Putting students first is the university's ultimate focus, Rawlins and Provost Burggren emphasized.
"There’s a big caring here for your educational process," Rawlins told students. "So, if you feel that there is a particular area where we’re failing to put the right people in the classroom, we want to know that."
International outreach efforts
UNT's partnerships with countries around the globe also came up for discussion.
Internationalization is one of UNT's objectives as an institution, Burggren told students.
It can range from enhancing study abroad opportunities, creating exchange programs or developing productive research relationships with universities in other countries, he said.
Rawlins added that becoming familiar with people from diverse cultural backgrounds can be an important part of students' undergraduate education.
"I think we’re really pushing it in every dimension we can find, with the hope that when you graduate from UNT your appreciation of this diverse world in which you live will be heightened," Rawlins said.
International relationships also benefit faculty and research.
"It's also life-changing for our faculty and for our staff to open their eyes and work with scientists from around the country," Rawlins said. "We have a wonderful arrangement with the southern-most university in the world in Chile, and that experience for many of our faculty and researchers has been really enlightening, and it incidentally has yielded some world-class research at the same time."
Another student asked about the university's sustainability efforts.
UNT has made building LEED-certified facilities its standard, Rawlins told students. LEED-certified buildings are constructed with energy-efficient materials and adhere to green building practices. This fall UNT opened its first of three new LEED-certified buildings, the Life Sciences Complex, which will soon be followed by the Business Leadership Building and the new stadium.
"We've made sustainability a serious goal," he said.
The university also has launched a campuswide energy savings project with Schneider Electric to help cut costs and become more environmentally sustainable, he said. The new project is expected to increase energy savings on campus to an estimated $3.2 million a year. The three-year project will make energy-efficient upgrades to more than 120 buildings on campus.
While the university is serious about energy savings, projects must be cost-effective so that they are not taking funding out of classrooms, Rawlins said.
The university's drug policy also came up when a student asked about the university's zero tolerance policy.
UNT is trying to do what is best for students, Rawlins told students.
"This is a public university and I am a public official.
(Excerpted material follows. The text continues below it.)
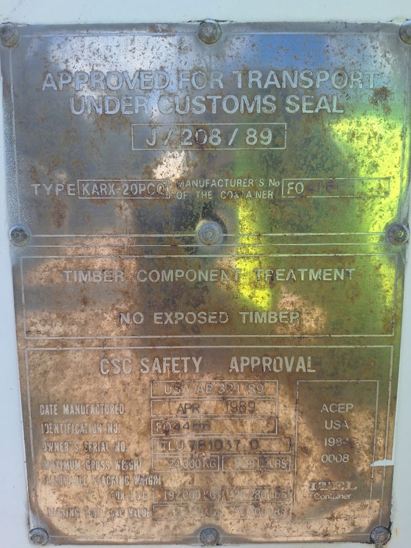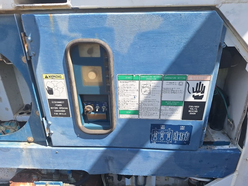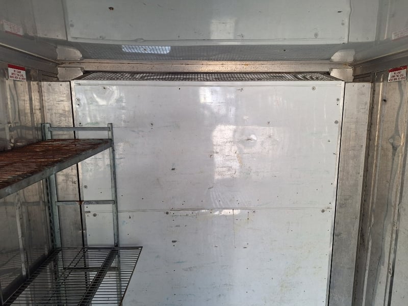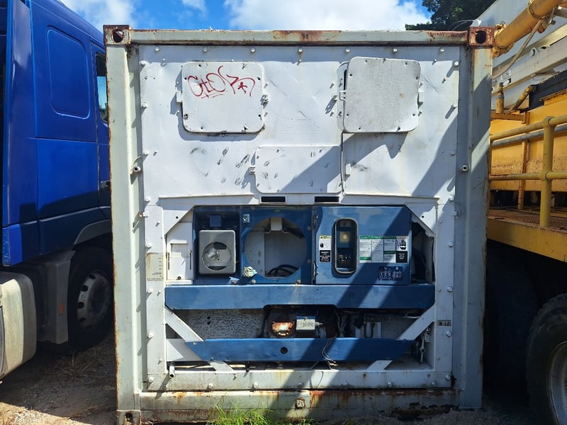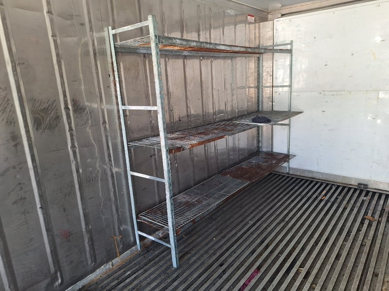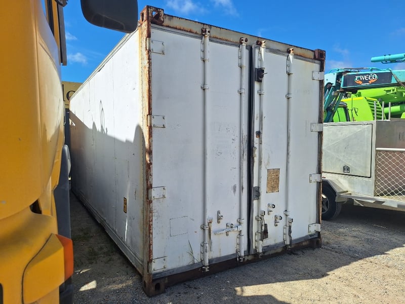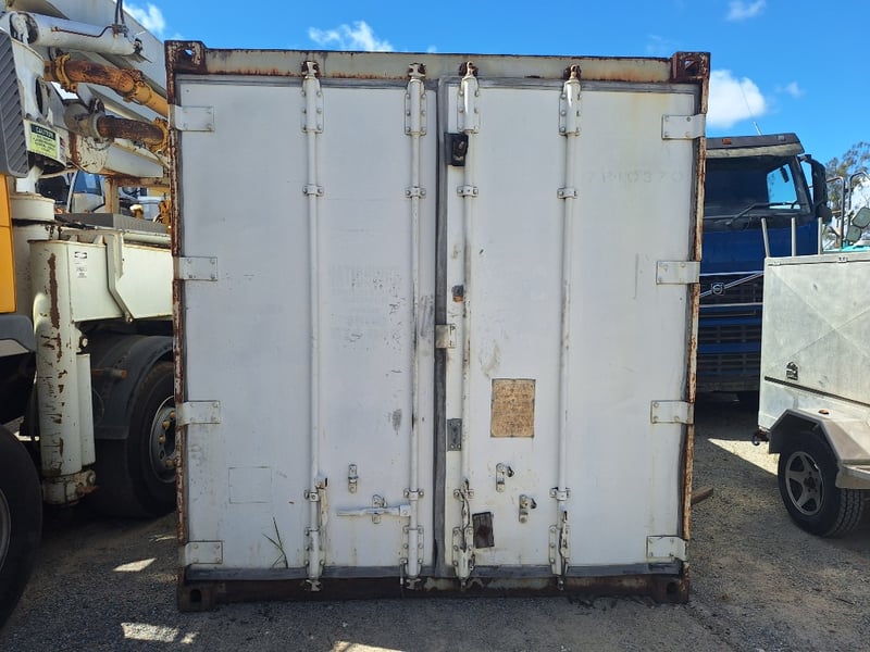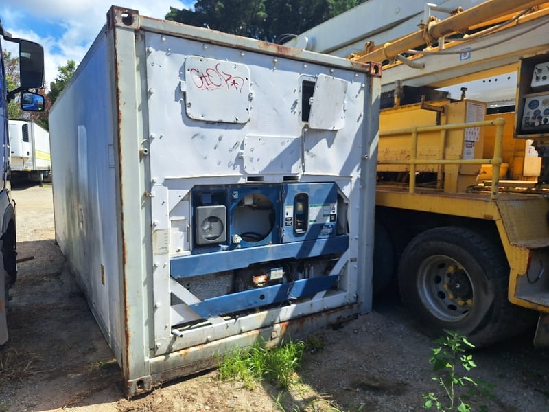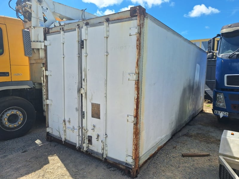 1989 20Ft Refrigeration Container, White, Double Front Lockable Doors, Rear Control Panel, Compressor For Refrigeration, Steel Grated Internal Floor, 3-Tier Internal Shelving, Approximately 2600mm (H) x 2500mm (W) x 6100mm

One of the things that all public officials have to do when they hold public office is they have to uphold the law," Rawlins said.
With, the vice president for student affairs, said that UNT's policy is more lenient today. Instead of automatic suspensions for violations, the university now considers whether it's a student's first or second violation.
"The more times you violate and the more severe the violation, the less likely you are to remain with us," she said.
After answering a few more questions, President Rawlins ended the hour-long session and thanked the students for coming.